I would not be proud to be listed among those who would discount a measurement because it was not submitted within a few years of its accomplishment.

Simple is best. This proposal deserves a decent burial. It solves no known problem.
Good question, Bob.

It sounds as though in Pete's part of the country, roads do not change much. Around where we measure (D.C. region), you may agree that roads can change. I can think of 3 courses nearby that had to be re-measured in the last 2 years 100% due to road changes.

I appreciate Duane's comment - a re-measurement could expose an inaccurate original measurement. I have heard that measuring skills out there do vary. Not all measurers have had the privilege I have had - being taught by Bob Thurston and counseled by John Sissala. But I can still make mistakes. Had to trash a ride on a 5K measurement last winter when I took a wrong turn. Had to trash another ride last fall due to a calculation error that I discovered while employing my little checks-and-balances system after a ride.

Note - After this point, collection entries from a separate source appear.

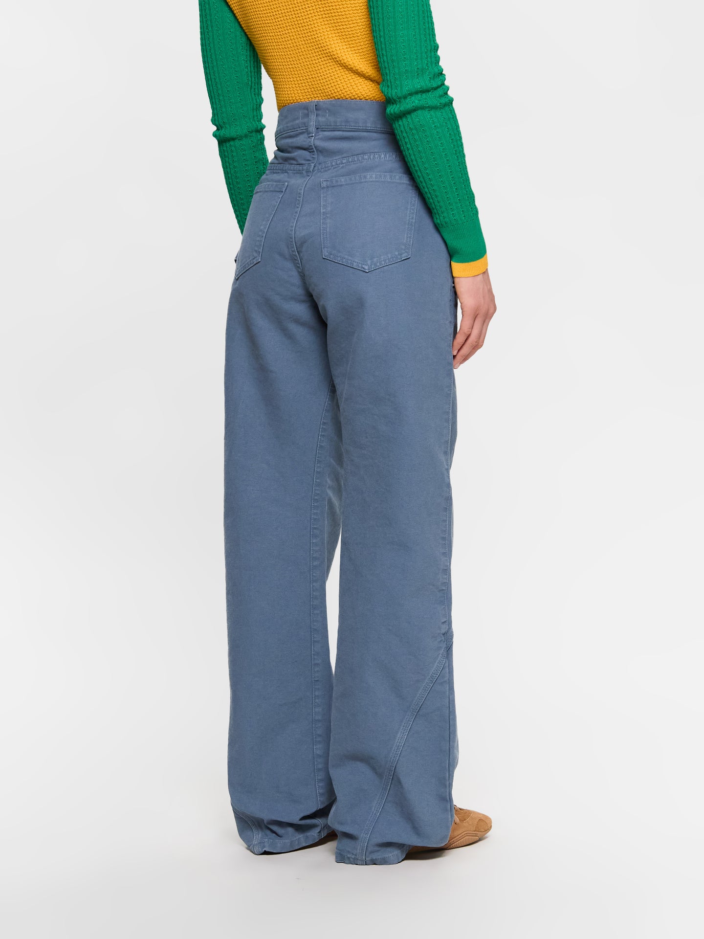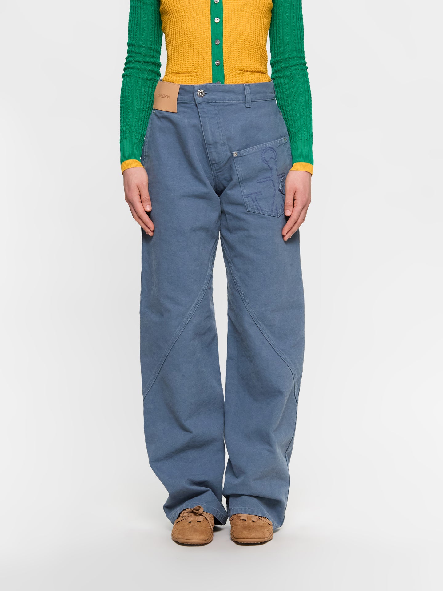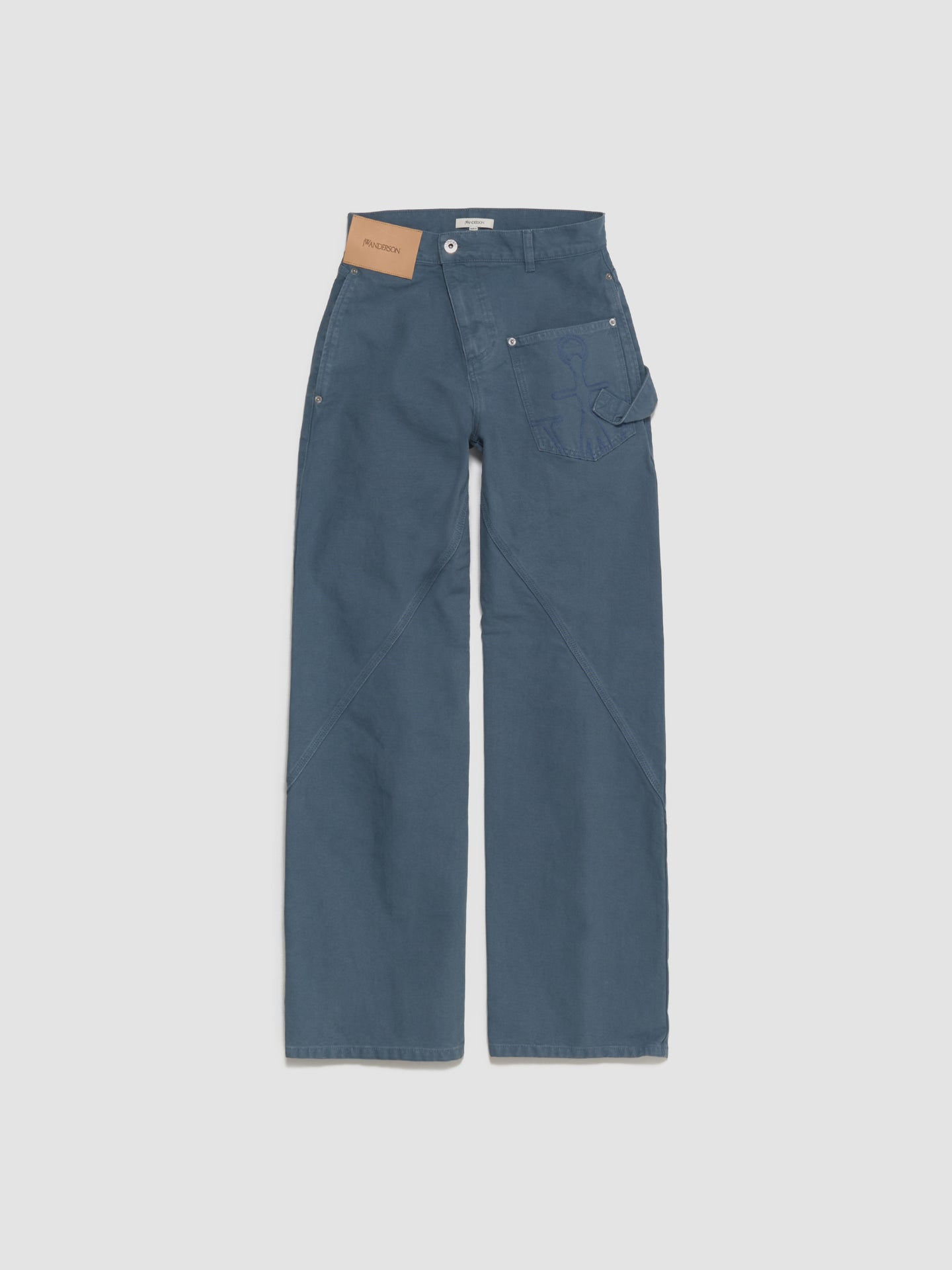 JW Anderson Twisted Workwear Trousers in Steel Blue are made from 100% cotton following a wide leg silhouette with a leather patch at the back.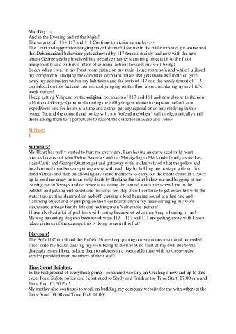 The tenants of 113 - 117 and 111 Continue to victimize me by-: --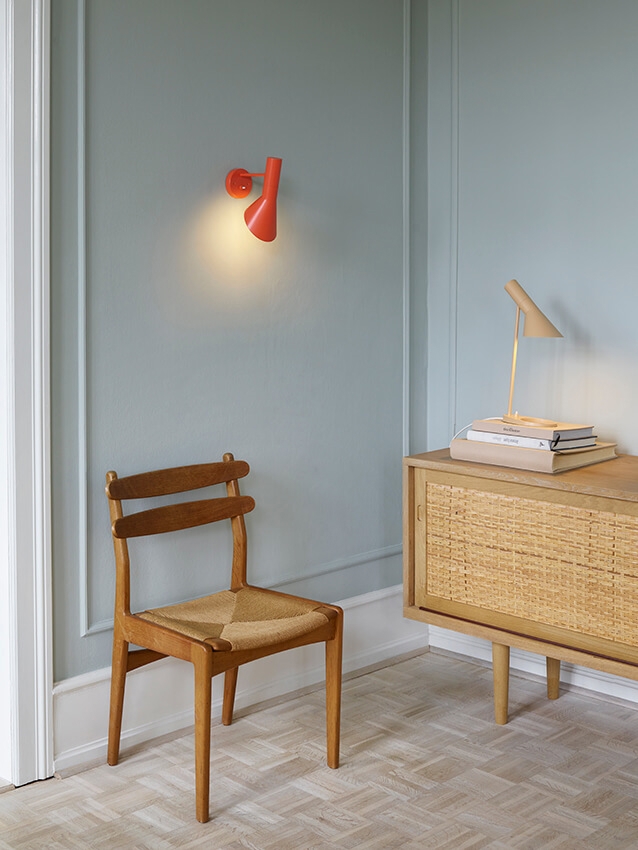 AJ lampen har en karakteristisk ren form med en kombination af lige og buede vinkler. Den enestående AJ væglampen lampe giver en fantastisk nedadrettet belysning, og skærmen kan også vippes, så man kan tilpasse lyset til sit behov.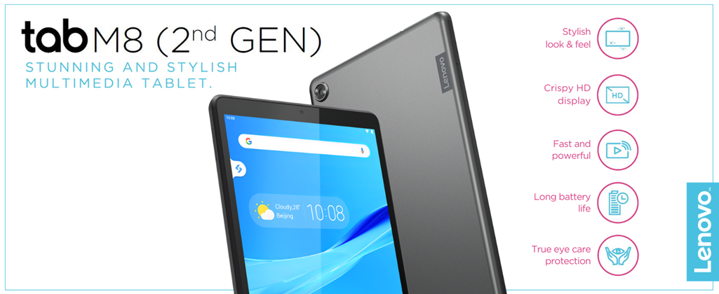 Running on the Android™ 9 Pie™ operating system, the Lenovo Tab M8 is quick and adaptive, letting you enjoy your favorite apps with ease. This Android tablet also includes special light and display technology for true eye care protection, lowering harmful blue light when appropriate to reduce strain on the eyes. Slim and lightweight, the Tab M8 is the tablet device that everyone wants to have.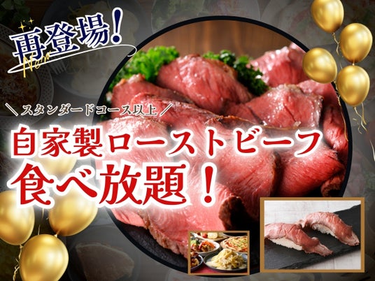 この度、2025年1月9日(木)より、スタンダードコース以上にて『自家製ローストビーフ』と『ローストビーフ寿司』が再登場いたします!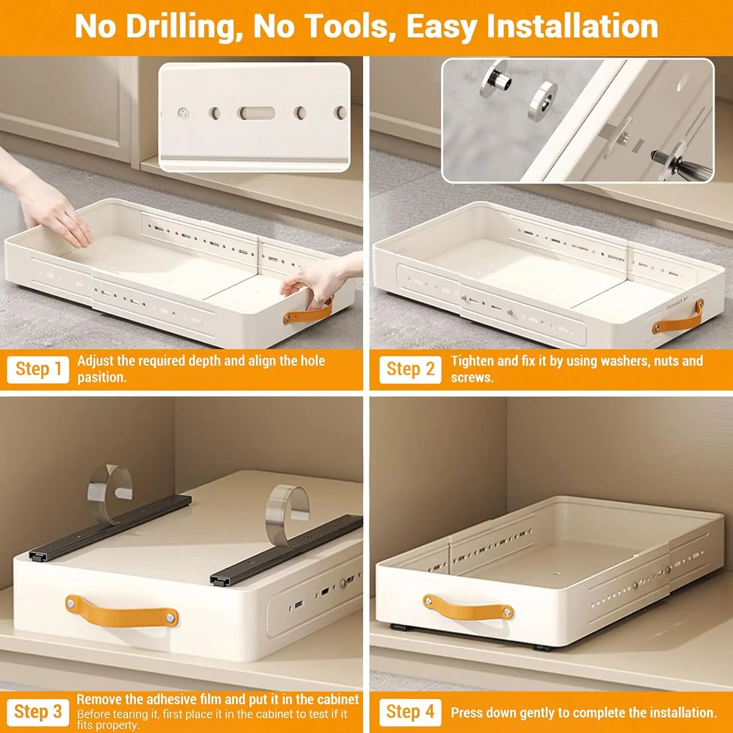 【2 Installation Methods】Cupboard Pull Out Storage has two available installation methods, the first is the strong adhesive film that comes with each drawer, which utilises adhesive strips instead of drilling holes in the cabinets, and can be easily installed by simply following the instructions, saving time and effort. The second is a drilled and nailed installation using the available holes in the drawer bottom slides.

I know the courses Bob Thurston refers to in his question about difficult and dangerous courses. They certainly are. And, there is road construction on some of those very streets as I write this. Maybe that construction won't materially affect the 10-mile race or the marathon that traverse this section. However, what about the next construction project? How many instances of tearing up and re-surfacing of these roads or of renovating the bridges under the road do we tolerate before we determine that it is time to re-measure the entire course?